"Popular Mechanics" (LBR)
“Popular Mechanics”
By: Raymond Carver
“Son of a bitch! I’m glad you’re leaving!” but she really wasn’t, was she? “Popular Mechanics” is a story about a divorcing couple who put too much strain on their child until they lose it. As it is evident in lines 11-12, infidelity on the husband’s part may be the cause of their split. The action of not being able to look at your partner in the face indicates that he has an unknown guilt that the author leaves to the reader’s interpretation. Carver also is sly in adding “pushed (line 41)” and “would not let go (line 53)” to show the husband pushing the relationship away and the wife wanting to hold on to it. Another indication of infidelity is the wife’s reluctance to not let go of their marriage, symbolized by their child. Destruction is also eluded by the weather. As it is stated in How to Read Literature like a Professor “snow symbolizes death” and the transition from the pure white snow to dirty water indicates the destruction to come. Raymond Carver combines infidelity, divorce, and destruction to convey the theme.
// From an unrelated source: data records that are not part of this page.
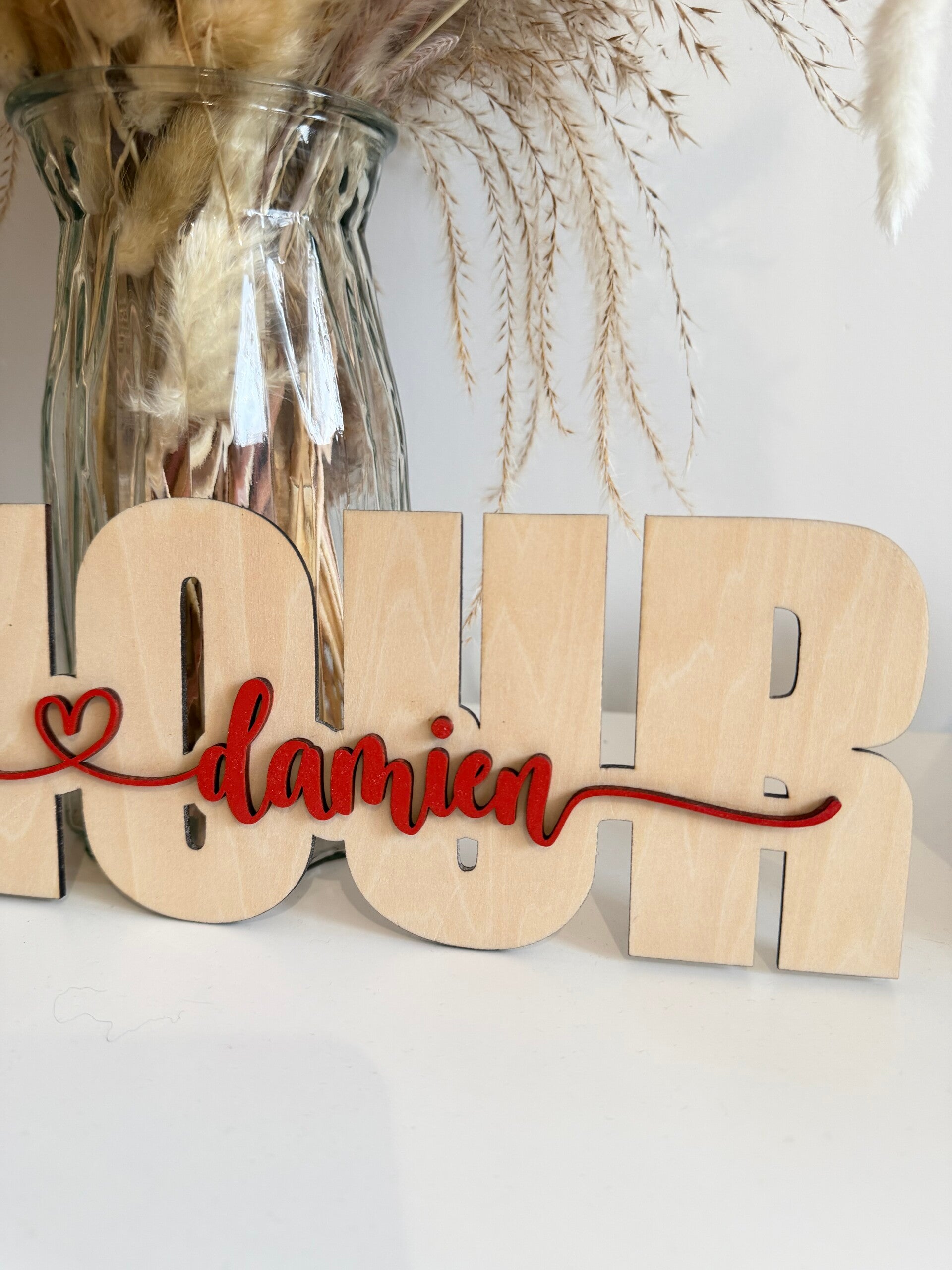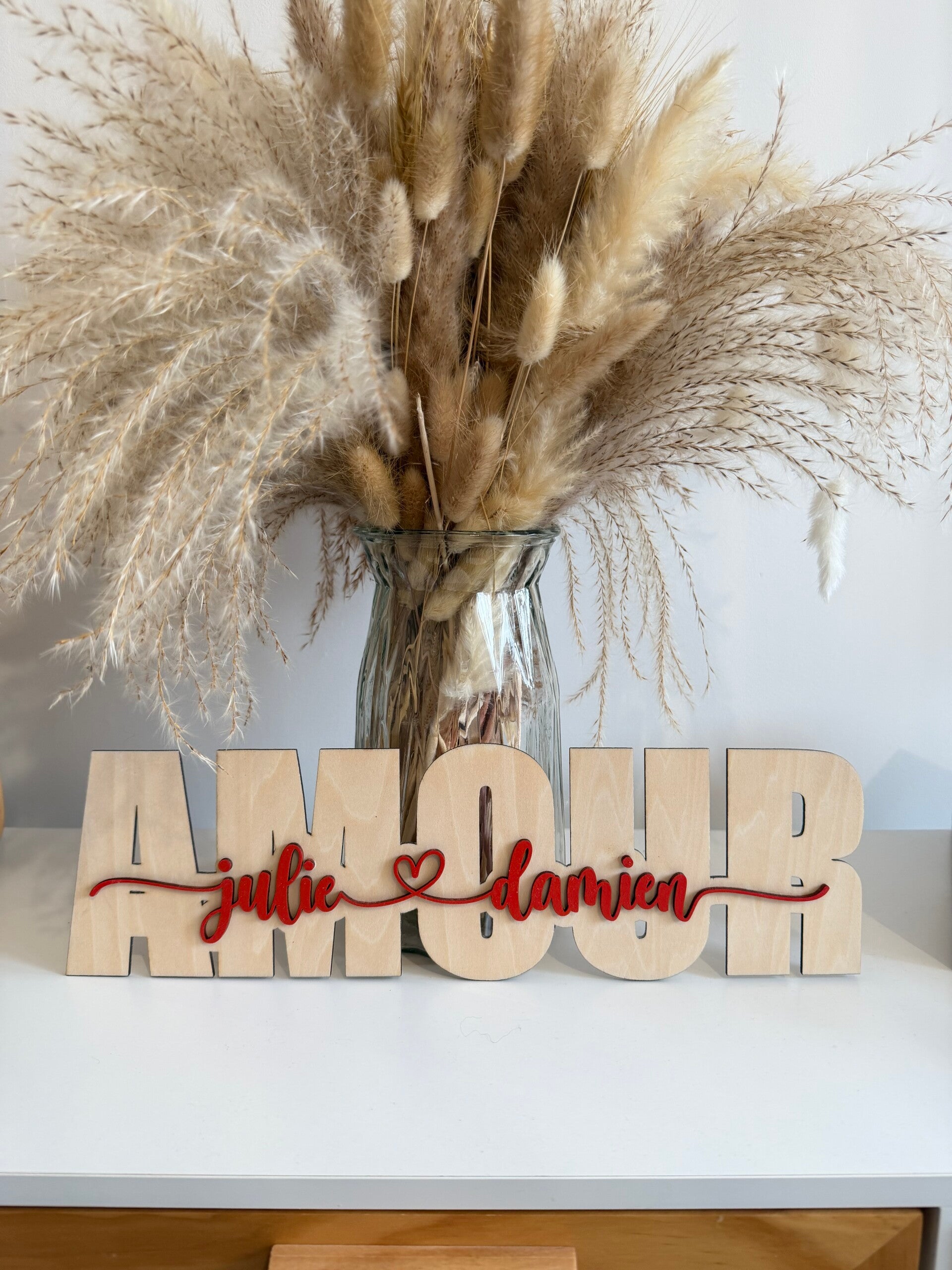 Avec son mot AMOUR découpé dans le bois et les prénoms du couple en relief, cette enseigne devient une véritable pièce décorative, à la fois élégante, chaleureuse et profondément personnelle.
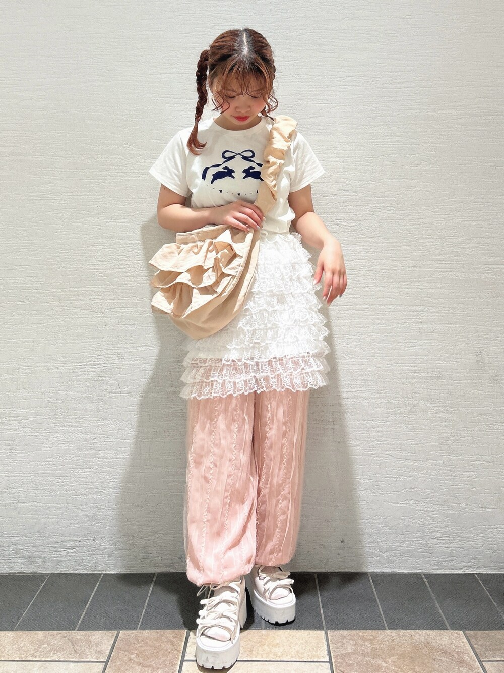 Tシャツはジャストサイズで身体のラインを拾いやすい形ではありますがお袖にはゆとりがあるので腕はすっきり見せてくれます🐰 スカートはボリュームたっぷりでパンツ合わせもかわいいデザインです🫶🏻ウエストはりぼんでしぼれるデザイン🎀152cmでふとももまんなかくらいの丈感です! パンツは裾をしぼれるようになってるので低身長さんにも安心🫶🏻肌触りもよくラクチン〜〜なパンツです☁️ サンダルはスクエア、厚底とたくさんのりぼんのバランスがかわいい厚底サンダルで、22.5cmでMサイズ着用してます🪽 ショルダーバッグは見た目よりも大容量でマチもしっかりあるので私は出勤バッグに使っています🫶🏻ショルダーもくしゅくしゅになっていてアクセサリー感覚でお使いいただけます🐏
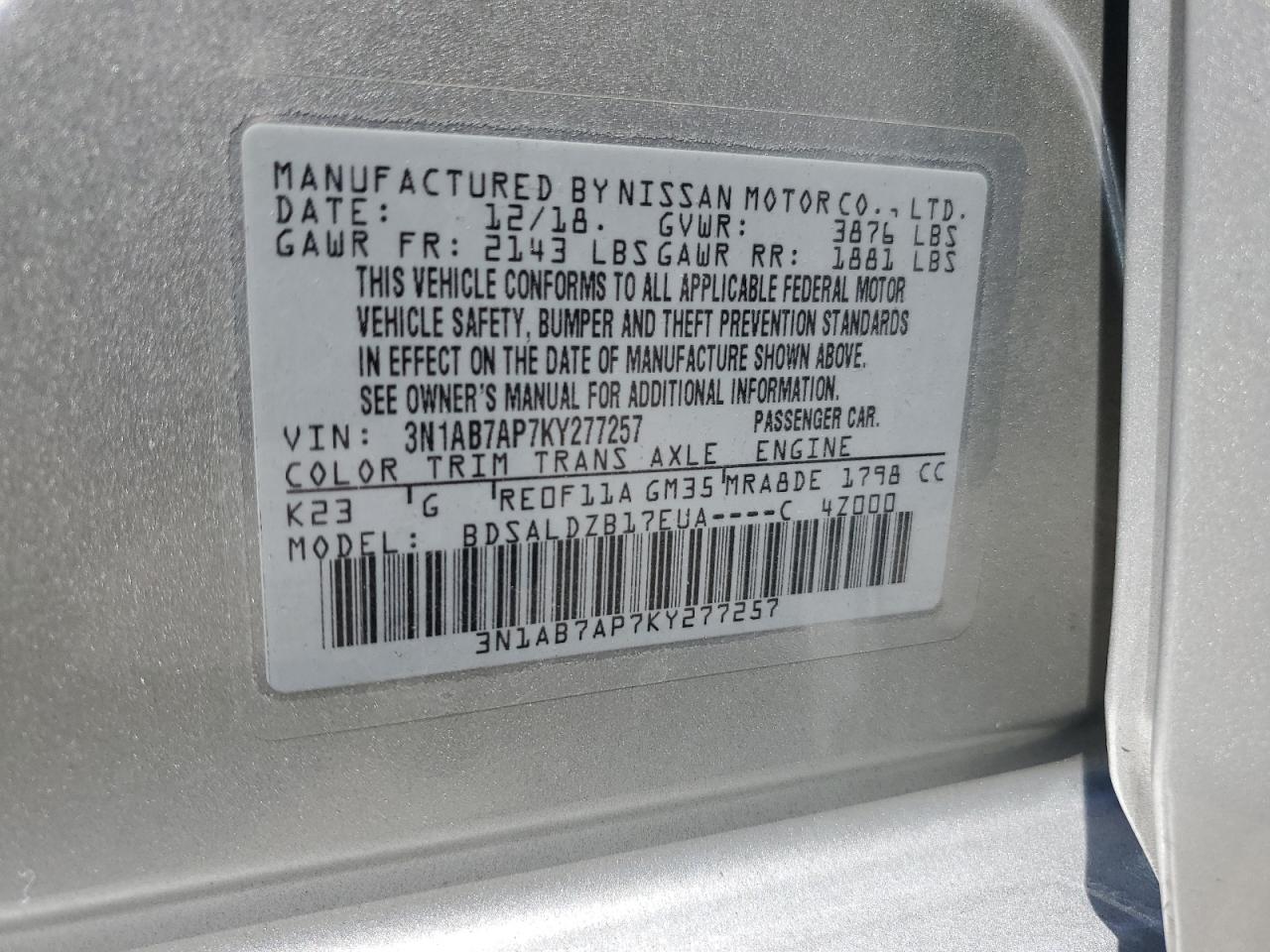 2019 NISSAN SENTRA - 3N1AB7AP7KY277257, колір - Срібний, 1.8, Бензин, із США

Carver develops the theme as the commonality of divorce in today’s society and that it is always the children that suffer. Anyone coming from a broken home knows this to be true. When a couple splits up the children are put in the middle of arguments, everything becomes a hassle and the simplest of tasks, such as holidays, become unbearable. The author uses few symbols to validate the theme such as the infant, which is the most significant symbol to the theme, representing all the children who are put in between their parents and are eventually lost. Another symbol would be the absence of names in the story. The author chooses not to add names to any of the characters to make them relate to all of society.